В отношении Джерарда к Дженкину, долгое время ровном, наступил критический момент. И причины этого были непонятны. Возможно, это было как-то связано со смертью отца, с внезапным отсутствием людей, которые любили бы его так же беззаветно, с предчувствием одиночества, когда не останется таких мест, где при его появлении все засияли бы от радости. Более рациональным объяснением было то, что Джерард боялся, что Дженкин собирается уехать. За обедом он с напускной, как показалось Джерарду, небрежностью заявил, что планирует провести Рождество за пределами Англии. Разве он не понимал, что впервые за многие годы Джерард будет в рождественские праздники в Лондоне? Джерард уже некоторое время назад чутьем уловил в своем друге некое глубокое беспокойство, словно Дженкин глядел через его плечо на нечто очень далекое. Конечно, Дженкин ничего не говорил Джерарду ни о каких, хотя бы неопределенных, планах отъезда, а перепуганный Джерард не спрашивал его об этом. Но не мог не отметить его интерес к «новой теологии», разговоры о «бедняках», увлечение португальской грамматикой. Вспыхивали разные мысли: Дженкин покинет их, уедет, отправится в Южную Америку и его там убьют. Но он не должен уехать, говорил себе Джерард, если уедет, он поедете ним, он не может без Дженкина. Вот в таком состоянии был сейчас Джерард. Как же подобное состояние называется?
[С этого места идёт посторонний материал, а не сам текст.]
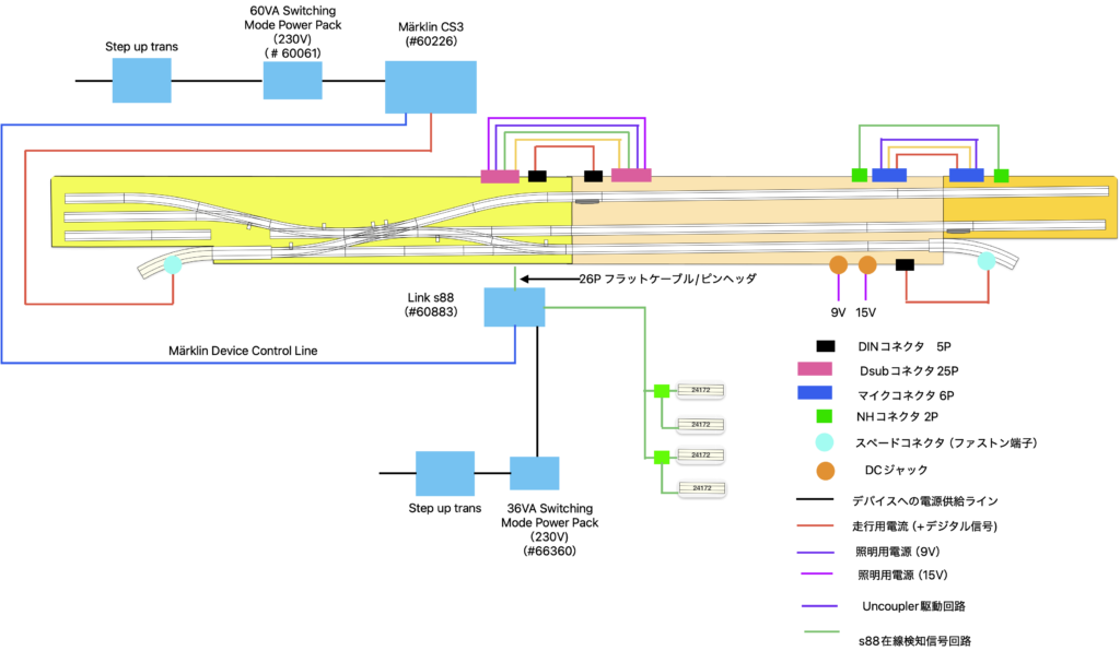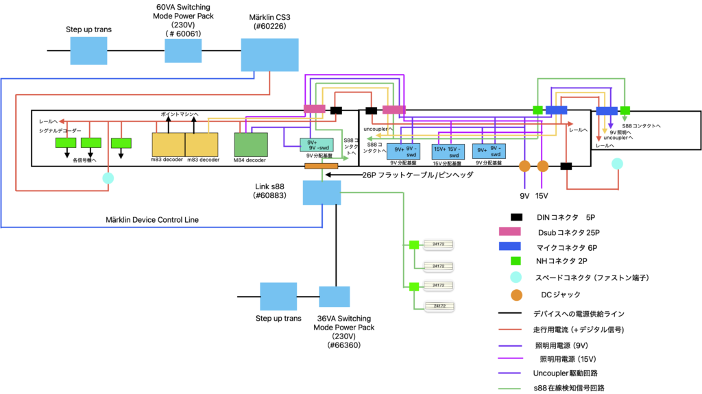 以上でこのレイアウトの電気関係の仕様と実際の配線方法の紹介を終了します.次回以降はシーナリーやストラクチャー等,技術的な仕様以外の部分を紹介していきたいと思います.最後までお読みいただきありがとうございました.

Что с ним происходит, спрашивал себя Джерард, его бросает то в жар, то в холод, трясет, руки дрожат. Он никогда не говорил отцу о том, как сильно его любит. Если бы Дженкину предстояло умереть, он теперь сказал бы ему. Наверно, все очень просто. Он знает Дженкина больше тридцати лет, так откуда это внезапно нахлынувшее чувство? Он любит этого человека, но разве в этом есть что-то особенное, что-то новое, из-за чего следовало бы так волноваться. Он понимал, что Дженкин мог причинить ему ужаснейшую боль, если они поссорятся, если тот уедет, если умрет. Такую власть Дженкин имеет над ним. Джерарда вдруг поразила мысль: неужели он действительно влюбился в своего старинного друга, неужели такое бывает? Возможно, смерть обостряет чувства, возможно, это все пройдет. Но он должен оберечь Дженкина; защитить, заставить его остаться, не позволить уезжать. Но как убедиться, что он не уедет? Просто нужно сказать, что он нужен ему, заключить с ним договор, Дженкин должен пообещать остаться с ним. Нужно видеться с ним чаше, намного чаще теперь, когда случилось такое, или понять, что это чувство он испытывал всегда, только сейчас оно обострилось. Или дело в том, что он стареет, или познал наконец, что время и смерть — это реальные вещи? Нет, он не чувствует себя старым, напротив, это странное волнение заставляет его чувствовать себя моложе. Господи милосердный, неужто он и правда влюблен?